## Your assignment
Nothing after the line with "e renta hermosa" belongs in the copy; extract the lines below from the top through that line, pictures left out.

## Source material
+++++
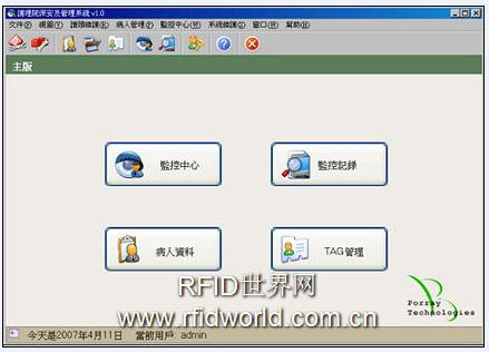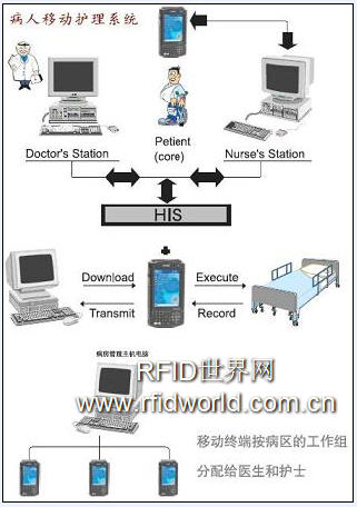 2.RFID移动护理:系统利用原有的HIS系统生成医嘱执行项目,护士使用PDA到患者的床旁,读取患者佩戴的RFID腕带,通过无线网络自动将需要执行的医嘱调用,护士通过PDA记录医嘱具体执行的信息,记录患者生命体征及相关项目,用药、治疗信息确认,实现动态实时的床边护理服务。
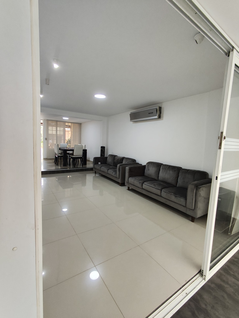 e renta hermosa casa remodelada total y ampliada moderna, iluminada, fresca, rodeada de mucha arborización, en el 1er piso encontramos sala, comedor, cocina integral, sala de televisión, habitación, baño, zona de ropas, patio, en el 2do Nivel encontramos 3 habitaciones con closet, la principal con baño y Vestier, estudio, parqueadero para dos vehículos en sótano. zona social con piscina adultos y niños, kiosko de reuniones, juegos infantiles, muchas zonas verdes.
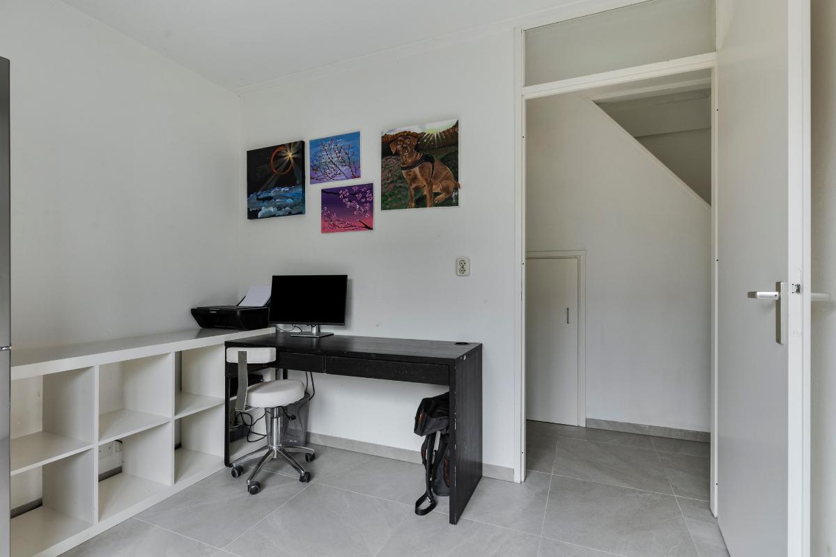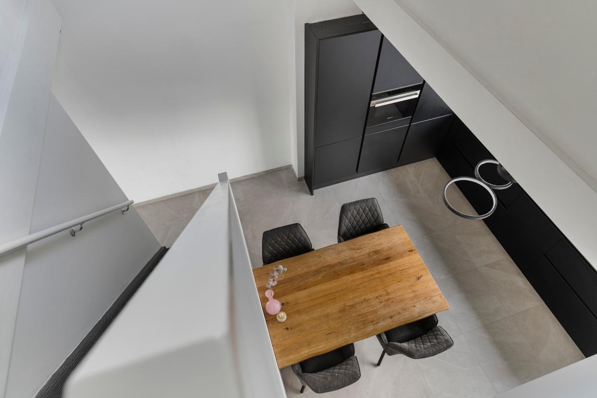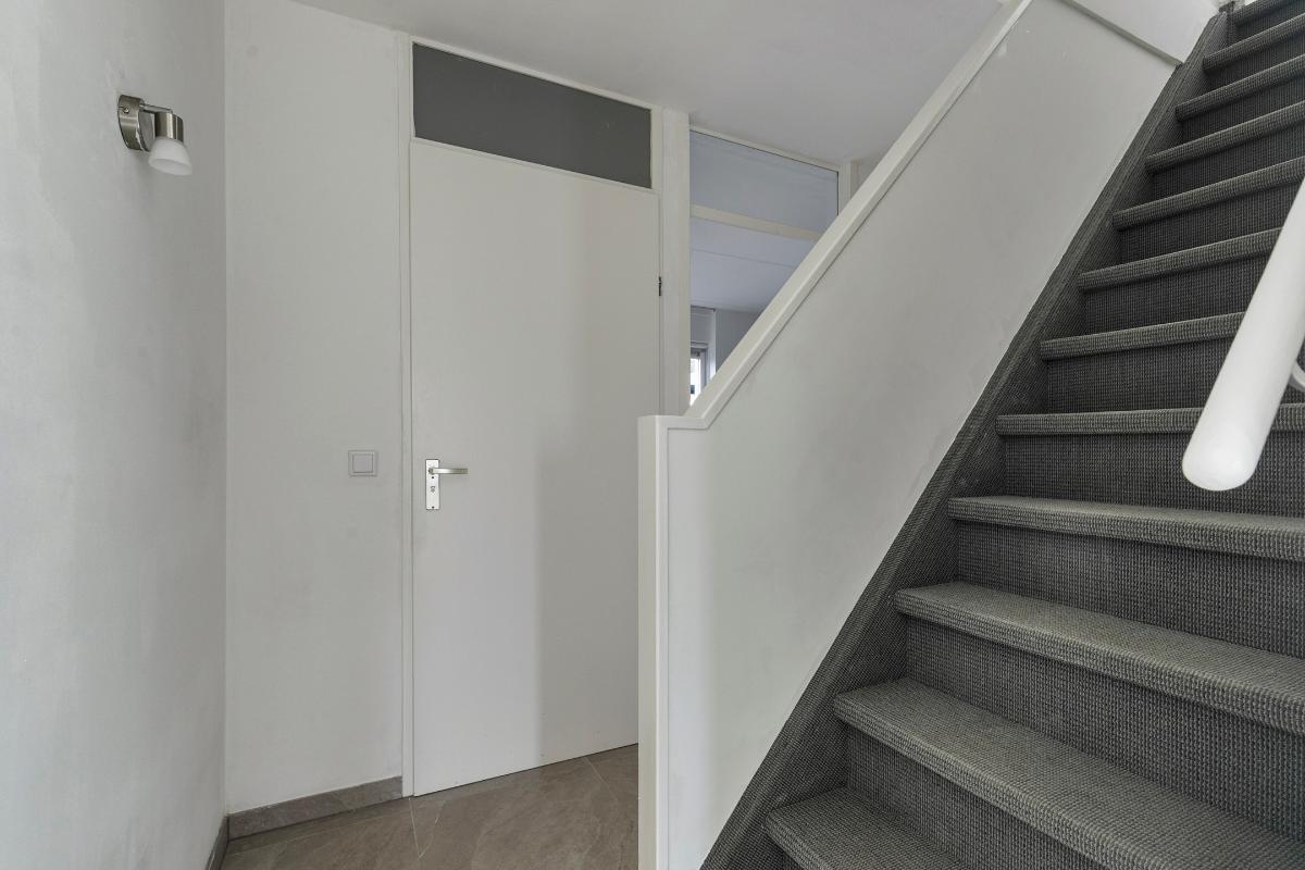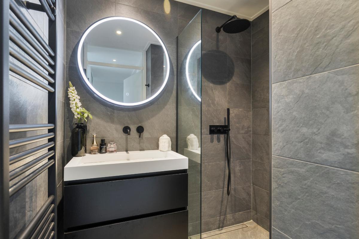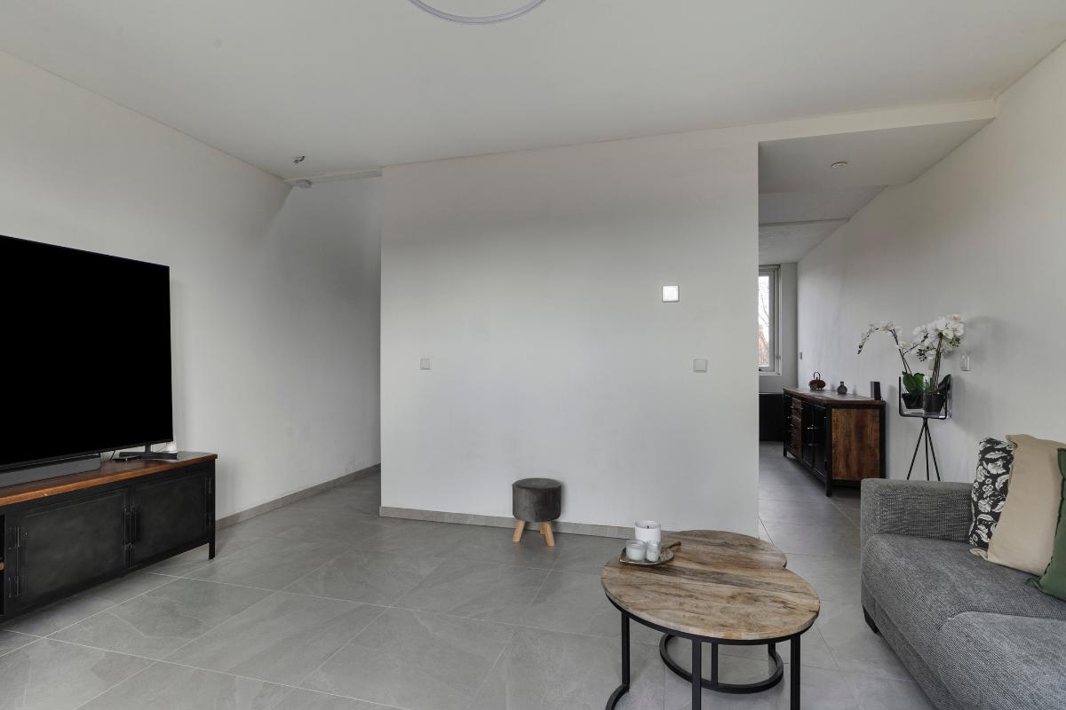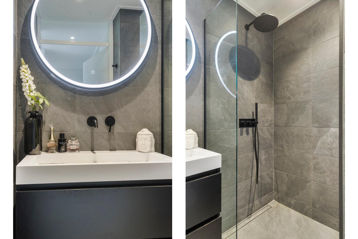1e Verdieping De royale woonkamer aan de voorzijde heeft vrij uitzicht, schuifpui en een Frans balkon en beidt aan 2 zijden doorgang naar de royale open woonkeuken. Deze is met een mat zwarte L-vormige opstelling en een licht composiet aanrechtblad met zwarte spoelbak en de benodigde inbouwapparatuur;(combimagnetron, koel-vriescombinatie, vaatwasser en een inductie kookplaat met geïntrigeerde afzuigunit een compleet plaatje. De open trap naar de 2e verdieping, die als divider tussen woonkamer en keuken werkt, maakt het een mooi geheel. Ook deze verdieping is voorzien van een tegelvloer met vloerverwarming.
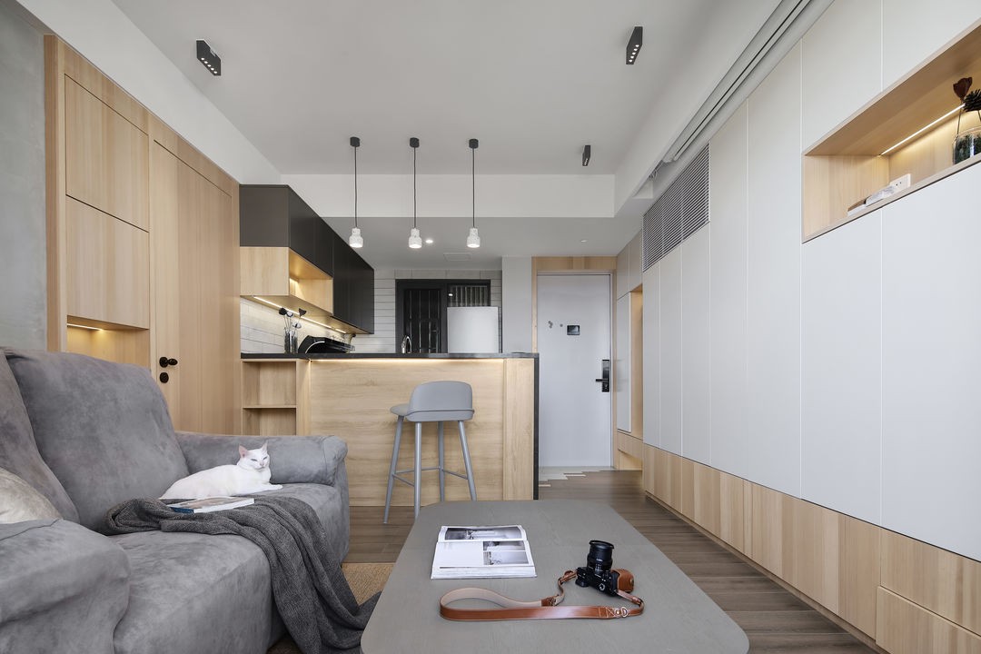 入戶(hù)門(mén)位置調(diào)整縮小,增加一整面的收納柜,滿足海量收納需求。
+++++
## Task response
 2.RFID移动护理:系统利用原有的HIS系统生成医嘱执行项目,护士使用PDA到患者的床旁,读取患者佩戴的RFID腕带,通过无线网络自动将需要执行的医嘱调用,护士通过PDA记录医嘱具体执行的信息,记录患者生命体征及相关项目,用药、治疗信息确认,实现动态实时的床边护理服务。
 e renta hermosa casa remodelada total y ampliada moderna, iluminada, fresca, rodeada de mucha arborización, en el 1er piso encontramos sala, comedor, cocina integral, sala de televisión, habitación, baño, zona de ropas, patio, en el 2do Nivel encontramos 3 habitaciones con closet, la principal con baño y Vestier, estudio, parqueadero para dos vehículos en sótano. zona social con piscina adultos y niños, kiosko de reuniones, juegos infantiles, muchas zonas verdes.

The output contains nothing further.